Admittedly, I'm not sure if this patch really is relevant for upstream or not, as it doesn't really affect observable behaviour much at all. The main observable difference on the clang driver level is that when compiling assembly, -target-feature arguments are now passed on the -cc1as command line while there previously weren't passed any (as the implicit default was correct); this is the same as the added tests in d0fbef9. However, if https://salsa.debian.org/pkg-llvm-team/llvm-toolchain/-/blob/19/debian/patches/clang-arm-default-vfp3-on-armv7a.patch is applied, like in downstream Debian/Ubuntu distributions, this patch restores functionality for Windows/Darwin targets.

If it isn't seemed relevant/suitable for upstream, I'd request @sylvestre to pick it up and integrate into that referenced patch for future Debian/Ubuntu releases. (But I'm not sure if there are other Linux Clang downstream distributions that apply similar patches?)

@DavidSpickett
Copy link
Collaborator

In practice, when compiling C for Windows/ARMv7, NEON actually still is available, but not when compiling assembly files.

So the "bug" if we're going to call it that, is that C code can produce Neon but assembly files compiled in the same way cannot use Neon instructions?

Or has it always worked for C and assembly, and this only changes how the Neon feature is communicated?

@DavidSpickett
Copy link
Collaborator

Or is it that this change allows other downstreams to patch the Linux issue in a way that does not break Windows and iOS in the process?

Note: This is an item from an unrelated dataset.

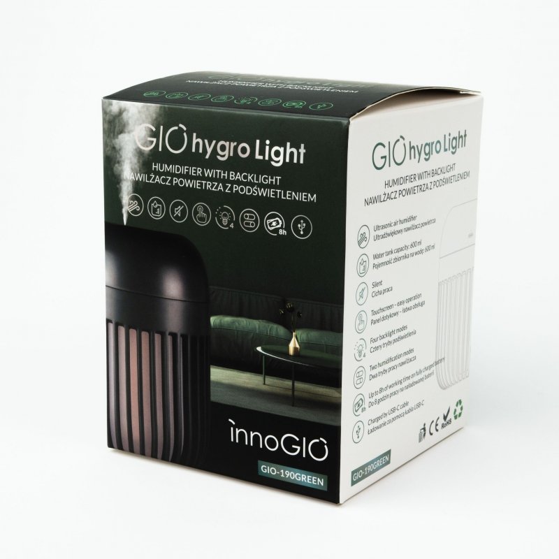 Designový zvlhčovač vzduchu GIOhygro Light je nejen zařízení, které obnovuje správnou vlhkost v místnosti, ale také noční lampička. Díky malým rozměrům, estetickému designu a tichému provoznímu režimu je GIOhygro Light ideální do každé místnosti!

If I'm using clang on Debian, that's where I would find this C can use Neon but assembly cannot problem.

@mstorsjo
Copy link
Member Author

mstorsjo commented Jan 8, 2025

In practice, when compiling C for Windows/ARMv7, NEON actually still is available, but not when compiling assembly files.

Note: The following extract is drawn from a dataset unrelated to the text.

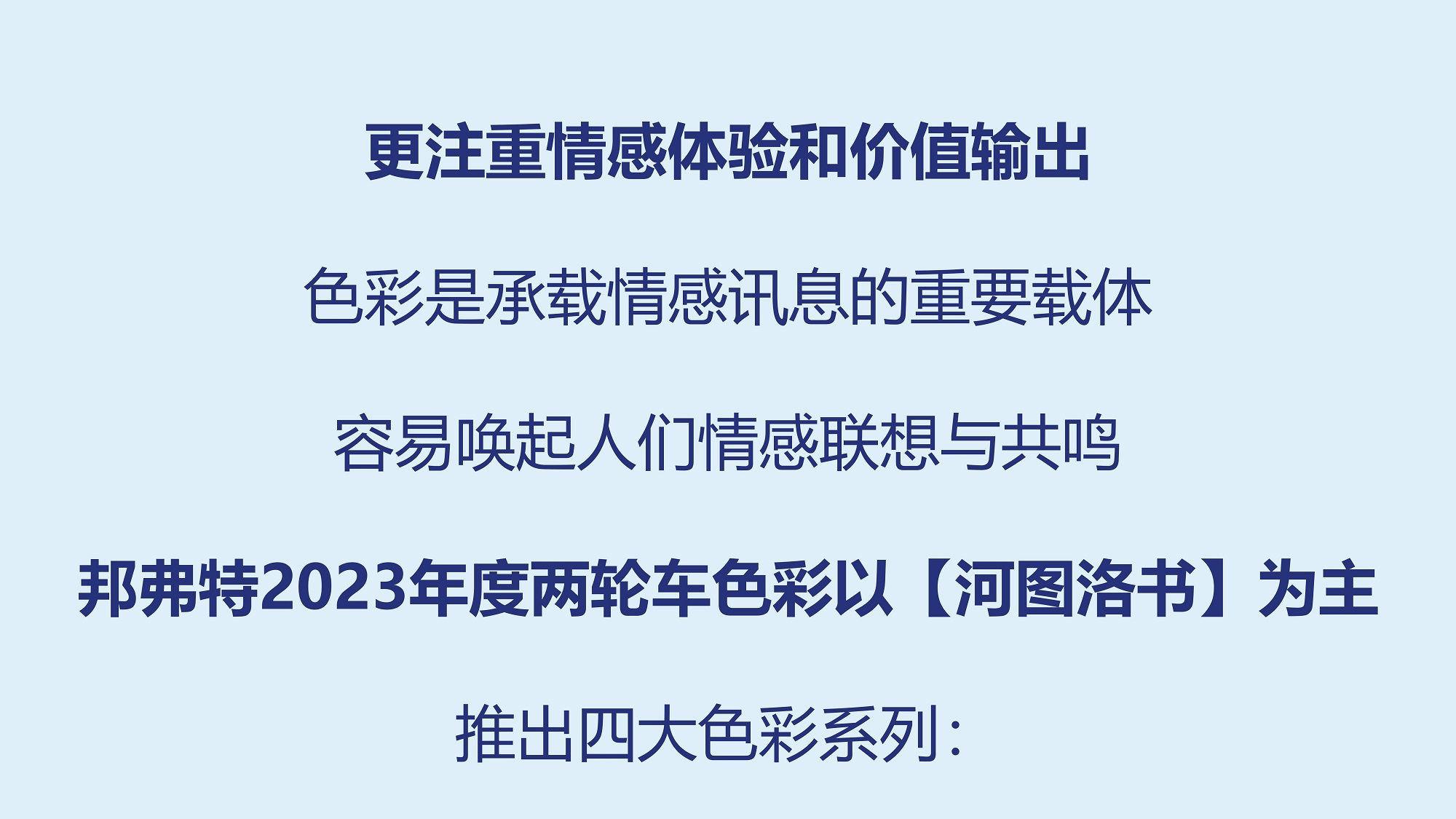 邦(bang)弗特(te)2023年(nian)度(du)兩輪車色(se)綵髮(fa)佈(bu)

So the "bug" if we're going to call it that, is that C code can produce Neon but assembly files compiled in the same way cannot use Neon instructions?

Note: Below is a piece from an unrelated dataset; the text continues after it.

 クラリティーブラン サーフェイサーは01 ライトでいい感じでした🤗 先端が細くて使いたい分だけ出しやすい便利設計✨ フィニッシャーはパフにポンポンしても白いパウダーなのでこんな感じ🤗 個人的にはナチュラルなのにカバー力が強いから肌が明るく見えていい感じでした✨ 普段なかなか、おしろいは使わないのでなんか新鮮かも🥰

Or has it always worked for C and assembly, and this only changes how the Neon feature is communicated?

With upstream Clang, both C and assembly files can use Neon, for both Windows/armv7 and iOS/armv7 targets. With the Debian/Ubuntu patched Clang, Neon only works in C, for Windows/armv7, but not in assembly and not for iOS/armv7 in either form.

@mstorsjo
Copy link
Member Author

mstorsjo commented Jan 8, 2025

Or is it that this change allows other downstreams to patch the Linux issue in a way that does not break Windows and iOS in the process?

Exactly - this makes it more explicit upstream, to make it easier to tweak for downstreams for Linux targets, without breaking the other OS targets.

If I'm using clang on Debian, that's where I would find this C can use Neon but assembly cannot problem.

Yes, exactly.

On Ubuntu 24.04:

$ cat neon.s
vadd.i8 d0, d0, d0
$ cat neon.c
void add(void) {
  __asm__ __volatile__("vadd.i8 d0, d0, d0");
}
$ which clang
/usr/bin/clang
$ clang --version
Ubuntu clang version 18.1.3 (1ubuntu1)
Target: x86_64-pc-linux-gnu
Thread model: posix
InstalledDir: /usr/bin
$ clang -target armv7-windows -c neon.c # succeeds
$ clang -target armv7-windows -c neon.s
neon.s:1:1: error: invalid instruction, any one of the following would fix this:
vadd.i8 d0, d0, d0
^
neon.s:1:1: note: instruction requires: NEON
vadd.i8 d0, d0, d0
^
neon.s:1:5: note: invalid operand for instruction
vadd.i8 d0, d0, d0
    ^
$ clang -target armv7-apple-darwin -c neon.c
neon.c:2:23: error: invalid instruction, any one of the following would fix this:
    2 |         __asm__ __volatile__("vadd.i8 d0, d0, d0");
      |                              ^
<inline asm>:1:2: note: instantiated into assembly here
    1 |         vadd.i8 d0, d0, d0
      |         ^
neon.c:2:23: note: instruction requires: NEON
    2 |         __asm__ __volatile__("vadd.i8 d0, d0, d0");
      |                              ^
<inline asm>:1:2: note: instantiated into assembly here
    1 |         vadd.i8 d0, d0, d0
      |         ^
neon.c:2:23: note: invalid operand for instruction
    2 |         __asm__ __volatile__("vadd.i8 d0, d0, d0");
      |                              ^
<inline asm>:1:6: note: instantiated into assembly here
    1 |         vadd.i8 d0, d0, d0
      |             ^
1 error generated.
$ clang -target armv7-apple-darwin -c neon.s
neon.s:1:1: error: invalid instruction, any one of the following would fix this:
vadd.i8 d0, d0, d0
^
neon.s:1:1: note: instruction requires: NEON
vadd.i8 d0, d0, d0
^
neon.s:1:5: note: invalid operand for instruction
vadd.i8 d0, d0, d0
    ^

This obviously is a downstream issue - but I'm trying to make it more explicit upstream, to make it easier for the downstreams that do patch it.

@DavidSpickett
Copy link
Collaborator

Setting default features for a platform based on what we happened to choose (likely with a very thin justification) to be the default CPU sounds fragile to me, so I think this patch is a good step forward. Even if there weren't this downstream patch interacting with it, I think it would be a good change to make.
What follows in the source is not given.